RECONnaissance of Space Objects (RECONSO)is a student-led cubesat participant in the current University Nanosatellite Program (UNP-8) competition supported by the Air Force Office of Scientific Research (AFOSR). RECONSO will place an optical payload in Low Earth Orbit (LEO) to enable low-cost unqueued space object detection and tracking. Inertial bearing and apparent magnitude measurement will be processed on-board and downlinked to Georgia Tech for further processing and distribution. This data will directly support efforts to mitigate the threat of space debris to national and international space assets by supplementing existing Space Surveillance Network (SSN) sensors.‚Äč


The Ranging And Nanosatellite Guidance Experiment (RANGE)
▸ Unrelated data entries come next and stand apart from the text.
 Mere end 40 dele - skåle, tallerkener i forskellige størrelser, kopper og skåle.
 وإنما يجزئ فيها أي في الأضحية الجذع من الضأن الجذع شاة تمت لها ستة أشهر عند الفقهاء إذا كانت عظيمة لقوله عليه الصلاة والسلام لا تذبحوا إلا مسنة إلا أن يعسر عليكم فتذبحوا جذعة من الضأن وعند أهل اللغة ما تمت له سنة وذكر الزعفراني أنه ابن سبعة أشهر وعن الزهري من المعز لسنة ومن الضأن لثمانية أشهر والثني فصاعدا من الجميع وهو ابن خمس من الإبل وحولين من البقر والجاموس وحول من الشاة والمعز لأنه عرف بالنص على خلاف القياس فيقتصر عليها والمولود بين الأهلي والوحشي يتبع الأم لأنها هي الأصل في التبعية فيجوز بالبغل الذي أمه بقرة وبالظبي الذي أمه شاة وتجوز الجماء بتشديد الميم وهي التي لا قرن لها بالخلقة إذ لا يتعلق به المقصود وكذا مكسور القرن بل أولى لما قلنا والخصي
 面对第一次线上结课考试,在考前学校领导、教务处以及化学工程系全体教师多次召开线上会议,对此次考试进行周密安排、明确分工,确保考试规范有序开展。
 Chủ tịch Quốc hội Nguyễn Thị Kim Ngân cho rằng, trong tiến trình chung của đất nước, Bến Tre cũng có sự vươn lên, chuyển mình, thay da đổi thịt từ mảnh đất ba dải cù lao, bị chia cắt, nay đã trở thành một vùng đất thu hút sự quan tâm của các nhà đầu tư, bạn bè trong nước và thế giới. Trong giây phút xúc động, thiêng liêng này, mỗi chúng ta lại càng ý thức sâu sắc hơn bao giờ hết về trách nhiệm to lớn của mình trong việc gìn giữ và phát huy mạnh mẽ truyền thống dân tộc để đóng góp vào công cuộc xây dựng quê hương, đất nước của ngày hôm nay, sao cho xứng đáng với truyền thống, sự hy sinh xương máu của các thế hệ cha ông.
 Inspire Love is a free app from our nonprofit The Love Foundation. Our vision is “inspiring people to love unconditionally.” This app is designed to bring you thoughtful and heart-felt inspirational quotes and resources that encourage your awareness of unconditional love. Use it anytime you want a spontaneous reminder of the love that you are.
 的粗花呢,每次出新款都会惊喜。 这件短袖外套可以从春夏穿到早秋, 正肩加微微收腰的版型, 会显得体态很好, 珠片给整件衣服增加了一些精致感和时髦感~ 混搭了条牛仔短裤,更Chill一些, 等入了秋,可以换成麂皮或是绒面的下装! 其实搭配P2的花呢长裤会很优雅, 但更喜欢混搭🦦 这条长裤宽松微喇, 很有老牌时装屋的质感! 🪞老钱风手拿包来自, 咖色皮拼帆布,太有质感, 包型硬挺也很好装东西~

The Ranging And Nanosatellite Guidance Experiment (RANGE) cubesat mission was recently selected for a flight opportunity as part of the Terra Bella (formerly Skybox) University Cubesat Partnership, with a tentative launch date scheduled for 2016. The RANGE mission involves two 1.5U cubesats flying in a leader-follower formation with the goal of improving the relative and absolute positioning capabilities of nanosatellites. The satellites' absolute positions will be tracked using GPS receivers synchronized with miniaturized atomic clocks, and will be validated using ground-based laser ranging measurements. The relative position of the satellites will be measured using an on-board compact laser ranging system, which will also double as a low-rate optical intersatellite communication system at close range. The primary communication system is a UHF software-defined radio that will transmit and receive all mission data/telecommands from the Georgia Tech ground station. The satellites will not have an active propulsion system, so the separation distance of the satellites will be controlled through differential drag techniques. The results of the mission should serve to enable more advanced payloads and future mission concepts involving formations and constellations of nanosatellites. The principal investigator for RANGE is SSDL's Prof. Brian Gunter, with SSDL co-Investigators Prof. Glenn Lightsey and Prof. Robert Braun.
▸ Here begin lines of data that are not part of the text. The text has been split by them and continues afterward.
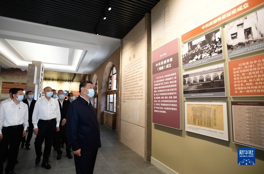 9月13日至14日,中共中央总书记、国家主席、中央军委主席习近平在陕西省榆林市考察。这是14日上午,习近平在中共绥德地委旧址考察。新华社记者 李学仁 摄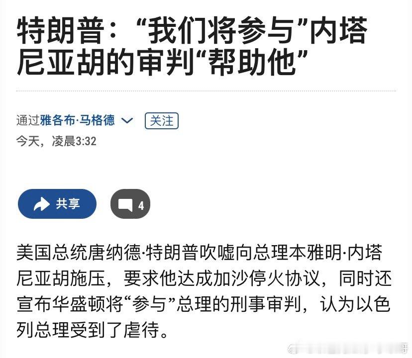 特朗普想干涉以色列内政么?内塔尼亚胡在战争前就面临三项贪腐和欺诈指控,如今这两年每周都要出庭受审,包括和商人有利益输送关系,禁止媒体报道等。海外新鲜事 特朗普认为这是反对派对Bibi的猎巫行动。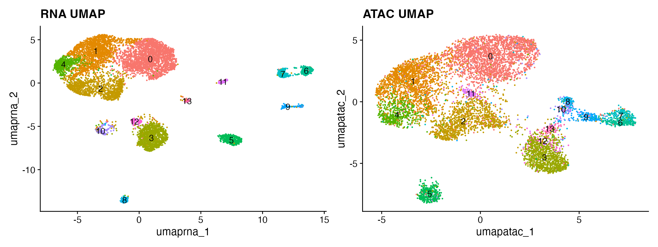 snare <- RunUMAP(snare, reduction = 'lsi', dims = 2:30, reduction.name = 'umap.atac')

Development of an imaging LiDAR cubesat mission for planetary applications

The objective of this project is to provide a group of select and talented undergraduates hands-on experience on all aspects of the development of a satellite mission. Under the guidance of faculty, staff, and graduate students, an undergraduate student team will assemble, test, and integrate a miniaturized LiDAR imaging camera into a 3U cubesat. A parallel development will also design and test a deployable inflatable that will serve as the lidar camera's primary imaging target. The goal of the cubesat mission is to demonstrate cm-level altimetry precision over tens of kilometers. The applications for a compact laser altimetry system are numerous, and are particularly valuable for planetary missions involving the topographic mapping of planetary bodies such as moons and near-Earth asteroids. This project is sponsored by NASA's Undergraduate Student Instrument Program (USIP), with work starting in Fall 2016, and a projected launch date in late 2018. The principal investigator for this mission is SSDL's Prof. Brian Gunter, with SSDL co-Investigator Prof. Glenn Lightsey, and GTRI's Dr. Grady Tuell.